The function here is pretty simple. It downloads a file at a specified URI, then saves it to a cache so it doesn't need to be downloaded on each subsequent run in the notebook. The preprocessor will consume this file in the next step. 

### Task: Read the Code
This part isn't interesting, so just look at the code and understand what it does. If you have any questions, let one of us know.

Note that the proper way to do caching is by using the HTTP response's `ETag`, `Last-Modified`, and `Cache-Control` headers, but I didn't do that here. If you want extra credit, feel free to send me a pull request with the corrected code.

## preprocessors.py
Look at `./workshop-code/indexer_components/preprocessors.py`

In order to reduce inference costs, we want to strip away all of the HTML syntax besides the human-readable body text of the documents. This is a design decision.

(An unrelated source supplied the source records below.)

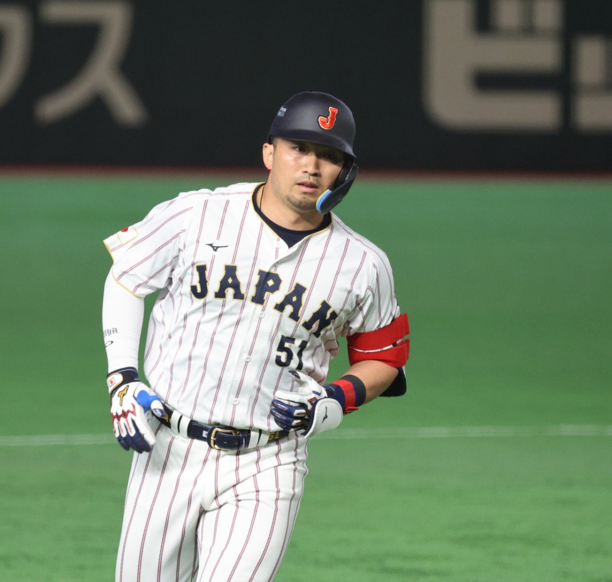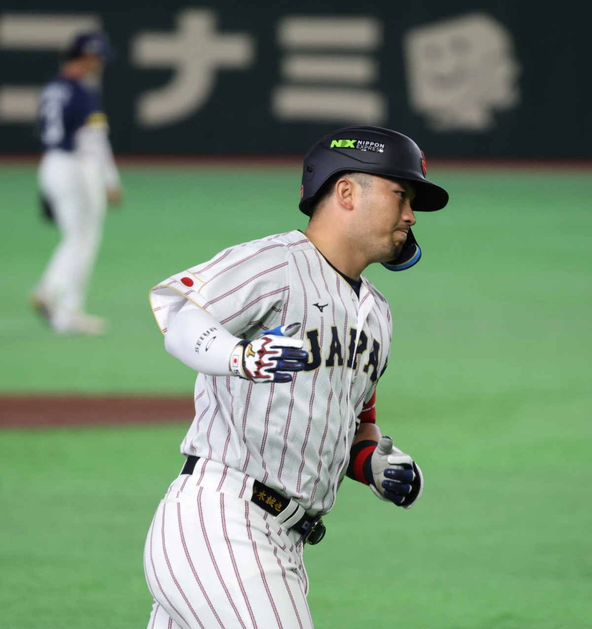 1회말 추격2점홈런을 쏘아올렸던 일본 3번타자 스즈키가 7일 도쿄돔에서 열린 2026WBC 도쿄POOL 대한민국과 일본의 경기 3회말 2사에서 고영표를 상대로 역전홈런을 터트린 후 홈인하고 있다.
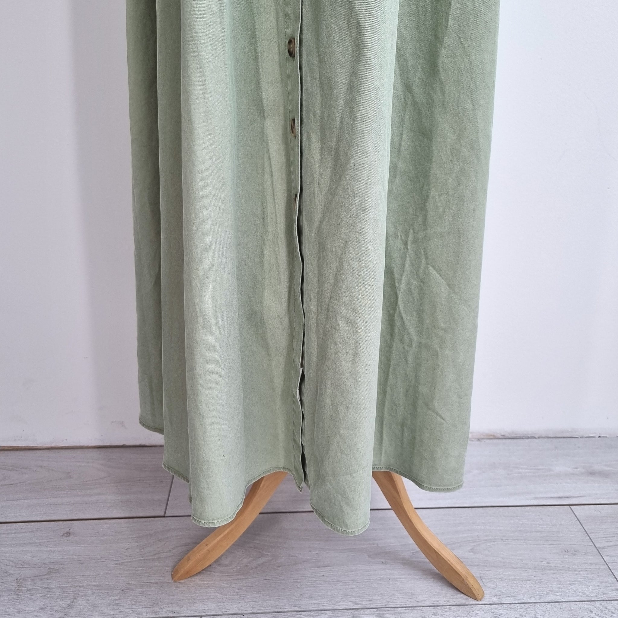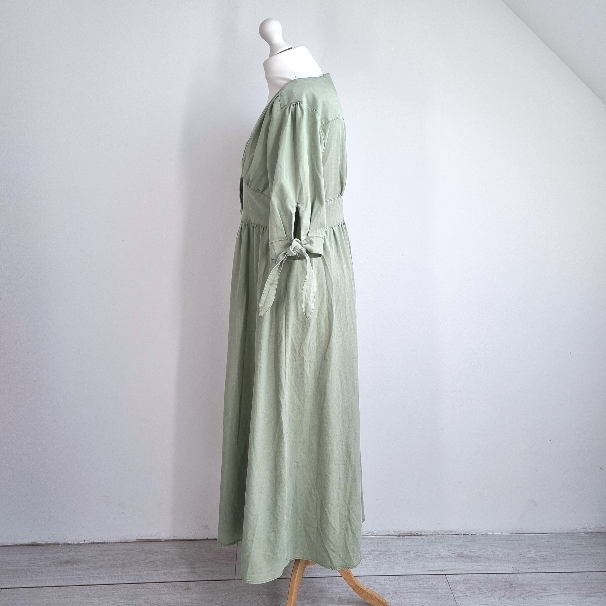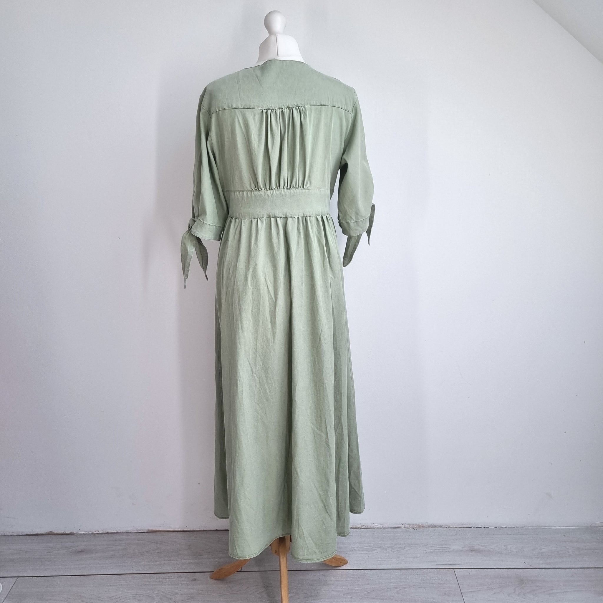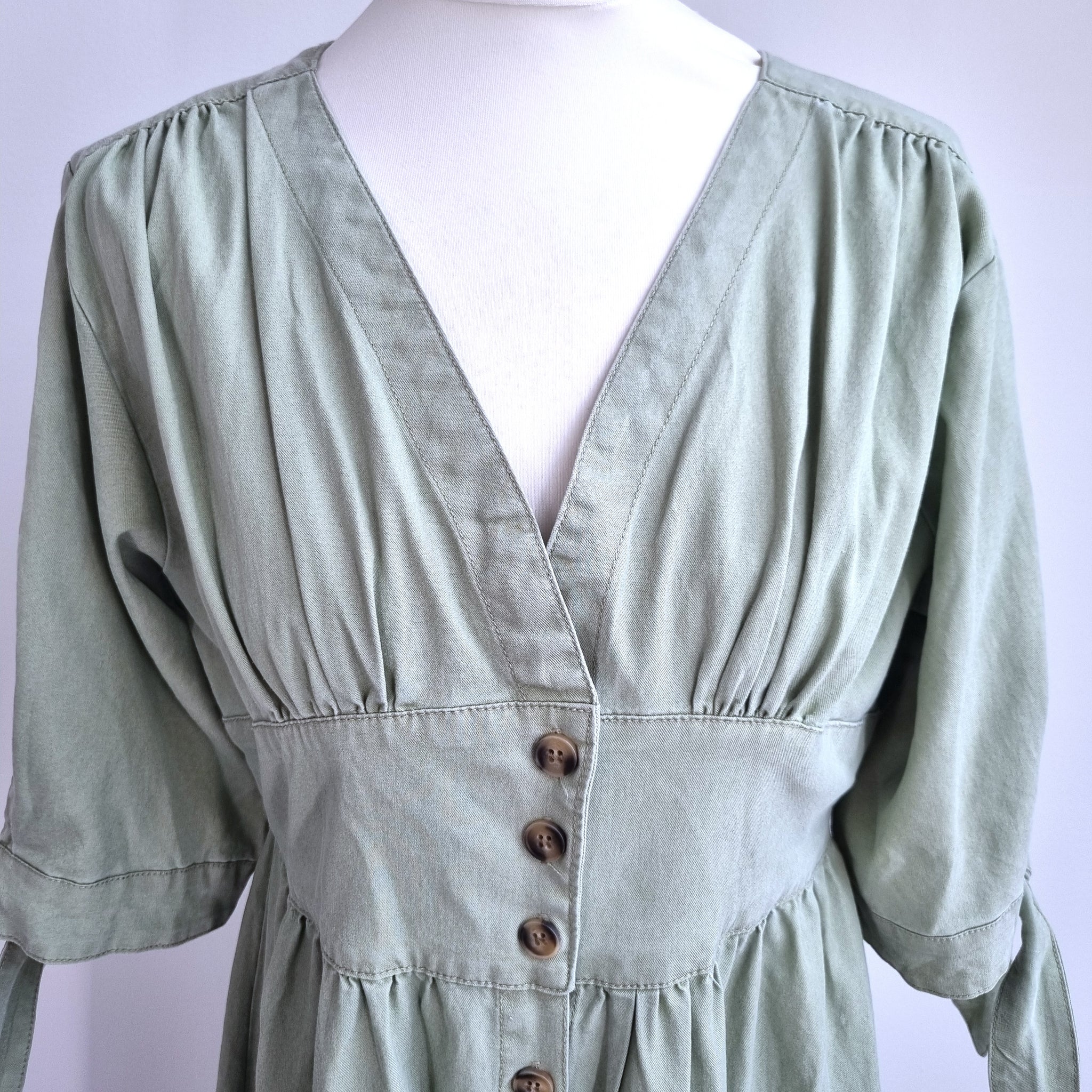 Midi Tea Dress - Button Down - Sage Green - 100% Cotton - Tie Sleeve - Gathered Back
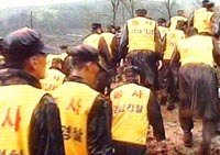 17日,在中國國航4·15墜機(jī)事件發(fā)生兩天后,韓國釜山當(dāng)?shù)卣越M織大批救援人員在失事現(xiàn)場(chǎng)進(jìn)行搜救工作,但大雨后泥濘的山地給搜索帶來很大的困難。
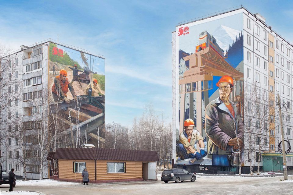 Три девятиэтажных дома расписали художники в Тынде. На торцах зданий появилась серия монументальных рисунков, посвященных истории строительства Байкало-Амурской магистрали. Каждый арт-объект получил свое название: «Атланты», «Вперед» и «Путеукладчики».
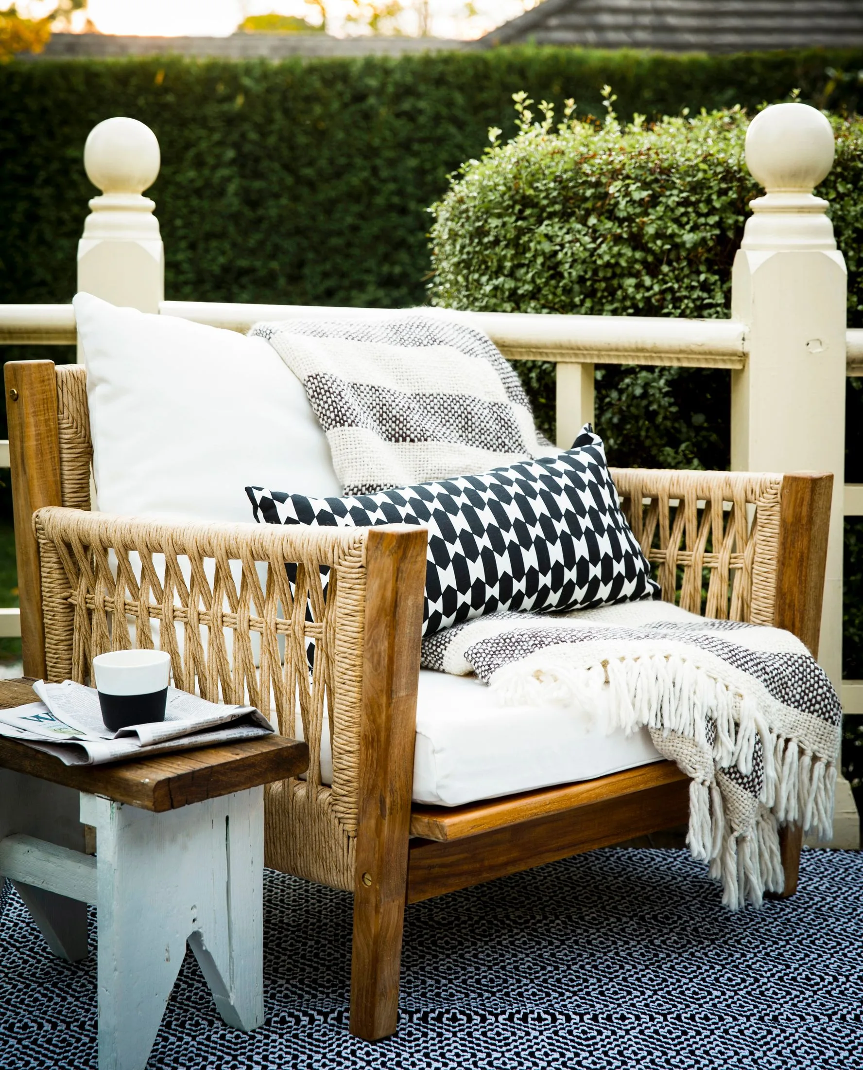 Juxtapose luscious accessories against timeworn furniture and place cosy rugs underfoot to see your deck through the chill.
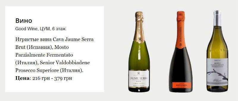 Нам понравились игристые Cava Jaume Serra Вrut (Испания), Mosto Parzialmente Fermentato (Италия) и Senior Valdobbiadene Prosecco Superiore (Италия).
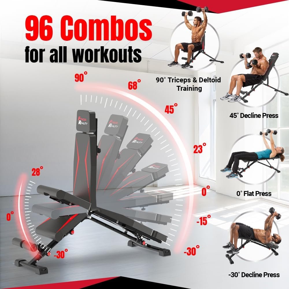 The adjustable bench from Fitness Reality is designed for serious strength training while fitting perfectly into any home gym. With features like an 800 lb capacity steel frame and multi position functionality, this product offers exceptional performance for users at every level.
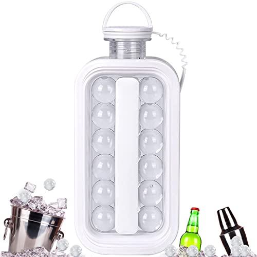 - 【أحدث صانع مكعبات الثلج 2 في 1】 إنها ليست فقط صواني مكعبات الثلج. كما أنها غلاية يمكنك شرب أي مشروبات مباشرة. من السهل صنع 17 كرة ثلج كاملة في كل مرة، مريحة في الاستخدام والتنظيف، مع غطاء زجاجة محكم الغلق لمنع الرائحة.

In real life, you may, for example, preserve more of the HTML markup to reain the context of how the document is structured.

### Easy Task: Configure Beautiful Soup for A Simply Structured Blog Post

The unprocessed HTML blog post looks like this:

In [None]:
from workshop_code.indexer_components.loaders       import DocLoader

blog_post_uri = "https://lilianweng.github.io/posts/2023-06-23-agent/"
doc_content = DocLoader.load_html(blog_post_uri)
display_md(doc_content[3400:3800])

The processed HTML blog post should like like this:

In [None]:
from cheat_code.indexer_components.loaders       import DocLoader
from cheat_code.indexer_components.preprocessors import GithubBlogpostPreprocessor

blog_post_uri = "https://lilianweng.github.io/posts/2023-06-23-agent/"
blog_post_html = DocLoader.load_html(blog_post_uri)
preprocessor = GithubBlogpostPreprocessor()
cleaned_doc_content = preprocessor.get_text(blog_post_html)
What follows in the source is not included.